Molecular Oncology Laboratory, Medical Oncology Department, Hospital Clinico San Carlos, Instituto de Investigacion Sanitaria del Hospital Clinico San Carlos (IdISSC), C/ Martin Lagos s/n, Madrid, 28040, Spain.
BMC Cancer. 2012 Jun 19;12:260. doi: 10.1186/1471-2407-12-260.
Colon cancer patients with the same stage show diverse clinical behavior due to tumor heterogeneity. We aimed to discover distinct classes of tumors based on microarray expression patterns, to analyze whether the molecular classification correlated with the histopathological stages or other clinical parameters and to study differences in the survival.
Hierarchical clustering was performed for class discovery in 88 colon tumors (stages I to IV). Pathways analysis and correlations between clinical parameters and our classification were analyzed. Tumor subtypes were validated using an external set of 78 patients. A 167 gene signature associated to the main subtype was generated using the 3-Nearest-Neighbor method. Coincidences with other prognostic predictors were assesed.

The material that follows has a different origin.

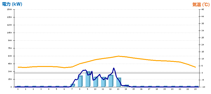 | 時刻 | 日射強度 (kW/㎡) | 気温 (℃) | 発電電力量 (kWh) | CO2削減量 (kg-CO2) | 売電金額(概算) (円) |
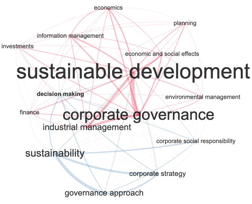 De acuerdo con la Figura 3, esta última red permite identificar la coocurrencia de palabras, la cual arroja dos grandes componentes a partir del tema tratado. El primero, demarcado con color rojo, enlaza el DS y el GC, que son los temas claves de la investigación; y el segundo grupo, demarcado con color azul, conecta la estrategia corporativa, la responsabilidad social corporativa (RSC) y el enfoque de gobernanza, temas abordados a lo largo del artículo.

Hierarchical clustering identified four robust tumor subtypes with biologically and clinically distinct behavior. Stromal components (p < 0.001), nuclear β-catenin (p = 0.021), mucinous histology (p = 0.001), microsatellite-instability (p = 0.039) and BRAF mutations (p < 0.001) were associated to this classification but it was independent of Dukes stages (p = 0.646). Molecular subtypes were established from stage I. High-stroma-subtype showed increased levels of genes and altered pathways distinctive of tumour-associated-stroma and components of the extracellular matrix in contrast to Low-stroma-subtype. Mucinous-subtype was reflected by the increased expression of trefoil factors and mucins as well as by a higher proportion of MSI and BRAF mutations. Tumor subtypes were validated using an external set of 78 patients. A 167 gene signature associated to the Low-stroma-subtype distinguished low risk patients from high risk patients in the external cohort (Dukes B and C:HR = 8.56(2.53-29.01); Dukes B,C and D:HR = 1.87(1.07-3.25)). Eight different reported survival gene signatures segregated our tumors into two groups the Low-stroma-subtype and the other tumor subtypes.
We have identified novel molecular subtypes in colon cancer with distinct biological and clinical behavior that are established from the initiation of the tumor. Tumor microenvironment is important for the classification and for the malignant power of the tumor. Differential gene sets and biological pathways characterize each tumor subtype reflecting underlying mechanisms of carcinogenesis that may be used for the selection of targeted therapeutic procedures. This classification may contribute to an improvement in the management of the patients with CRC and to a more comprehensive prognosis.
由于肿瘤异质性,具有相同分期的结肠癌患者表现出不同的临床行为。我们旨在根据微阵列表达模式发现不同的肿瘤类别,分析分子分类是否与组织病理学分期或其他临床参数相关,以及研究生存差异。
对 88 例结肠癌(I 至 IV 期)进行分层聚类以进行分类发现。分析了途径分析和临床参数与我们分类之间的相关性。使用外部的 78 例患者组验证肿瘤亚型。使用 3 最近邻方法生成与主要亚型相关的 167 个基因特征。评估与其他预后预测因子的一致性。
分层聚类确定了四种具有生物学和临床特征的稳健肿瘤亚型。基质成分(p<0.001)、核 β-连环蛋白(p=0.021)、黏液组织学(p=0.001)、微卫星不稳定性(p=0.039)和 BRAF 突变(p<0.001)与该分类相关,但与 Dukes 分期无关(p=0.646)。分子亚型从 I 期建立。高基质亚型表现出高水平的基因和改变的途径,这些途径与肿瘤相关基质和细胞外基质的成分不同,而低基质亚型则不同。黏液亚型表现为三叶因子和黏蛋白的表达增加,以及更高比例的微卫星不稳定性和 BRAF 突变。使用外部的 78 例患者组验证了肿瘤亚型。与低风险患者相比,低基质亚型相关的 167 个基因特征在外部队列中区分了高风险患者(Dukes B 和 C:HR=8.56(2.53-29.01);Dukes B、C 和 D:HR=1.87(1.07-3.25))。八种不同的报道的生存基因特征将我们的肿瘤分为两组:低基质亚型和其他肿瘤亚型。
我们已经确定了结肠癌中的新型分子亚型,这些亚型具有不同的生物学和临床行为,这些行为是从肿瘤的起始就建立的。肿瘤微环境对分类和肿瘤的恶性程度很重要。差异基因集和生物学途径描述了每个肿瘤亚型,反映了致癌发生的潜在机制,这些机制可能用于选择靶向治疗程序。这种分类可能有助于改善 CRC 患者的管理,并提供更全面的预后。